2) Effect of External Pressure on the Energy Transfer in Oxalate network structures

Excitation energy transfer from [Cr(ox)3]3- to [Cr(bpy)3]3+ in the three-dimensional oxalate network [Cr(bpy)3][NaCr(ox)3]ClO4 occurs via two types of interaction, the super exchange coupling and the dipole-dipole interaction. The energy transfer probability for both mechanisms is proportional to the spectral overlap, however the energy transfer rates are not of the same order of magnitude. The super exchange coupling correspond to the fast contribution to the energy transfer rate, with kETex > 106 s-1, while the dipole dipole interaction is the slow contribution of the energy transfer with a rate of kETdd~102 s-1. with increasing external pressure around [Cr(bpy)3][NaCr(ox)3]ClO4, the spectral overlap between the donor's emission and acceptor's absorption decrease, since the last two don't have the same shift rate in high pressure experiments. In the case of [Rh0.965Cr0.035(bpy)3][NaAl0.99Cr0.01(ox)3]ClO4 the spectral overlap is reduced about 6 times with increasing pressure from 0 GPa to about 2.5 GPa. The energy transfer probability decrease with increasing pressure, however, mainly the slow contribution based on the dipole dipole interaction is suppressed. When the rate of the fast contribution to the energy transfer is reduced 6 times, it is still faster than the initrinsic decay rate, thus the energy transfer takes place. However, when the slow contribution rate is reduced 6 times, it becomes slower than the intrinsic decay rate, consequently, the donor deactivate to its ground state before transferin its energy to an acceptor. Finally, with high pressure experiments we are showing that it is possible to dissociate the two contribution to the energy transfer in [Rh0.965Cr0.035(bpy)3][NaMIII0.99Cr0.01(ox)3]ClO4 with MIII = Al3+, Rh3+.

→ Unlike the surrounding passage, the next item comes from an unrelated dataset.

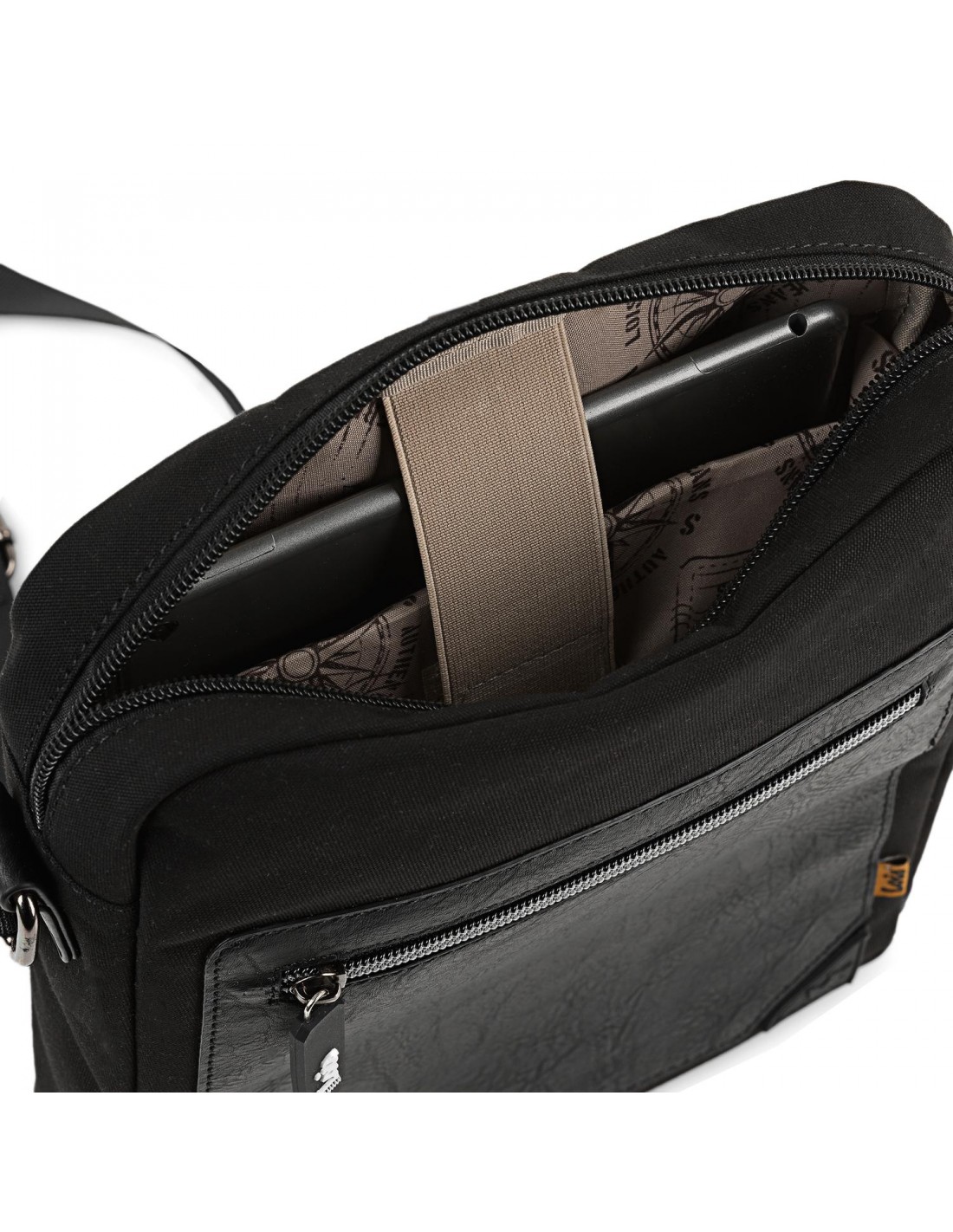 Confeccionada em uma resistente combinação de materiais, dispõe, após o seu fecho de correr, de um compartimento para a tablet e espaço para guardar chaves e telemóvel.

3) Persistent Hole Burning induced by Energy Transfer in Oxalate network structures

In the three-dimensional network [Rh(bpy)3][NaCr(ox)3]ClO4 (ox = oxalate, bpy = 2,2'-bipyridine) phonon-assisted as well as resonant energy migration within the R1 line of the 4A2->2E transition of Cr3+ has been identified. The latter is dominant below 4.2 K, and in a fluorescence line narrowing spectrum it manifests itself in a multi-line pattern across the inhomogeneous line width with spacings corresponding to the zero-field splitting of the 4A2 ground state [ M. Milos, S. Kairouani, S. Rabaste, A. Hauser, Coord. Chem. Rev. 252 (2008) 2540]. On the other hand, H. Riesen demonstrated very efficient spectral hole burning within the R1 line of Cr3+ doped at very low concentrations into partially deuterated NaMg[Al(ox)3]·9H2O [H. Riesen, Coord. Chem. Rev. 250 (2006) 1737]. Here, we show that at higher Cr3+ concentrations in the same host, both phenomena can be observed simultaneously, the resonant energy migration thus creating an additional series of persistent side holes.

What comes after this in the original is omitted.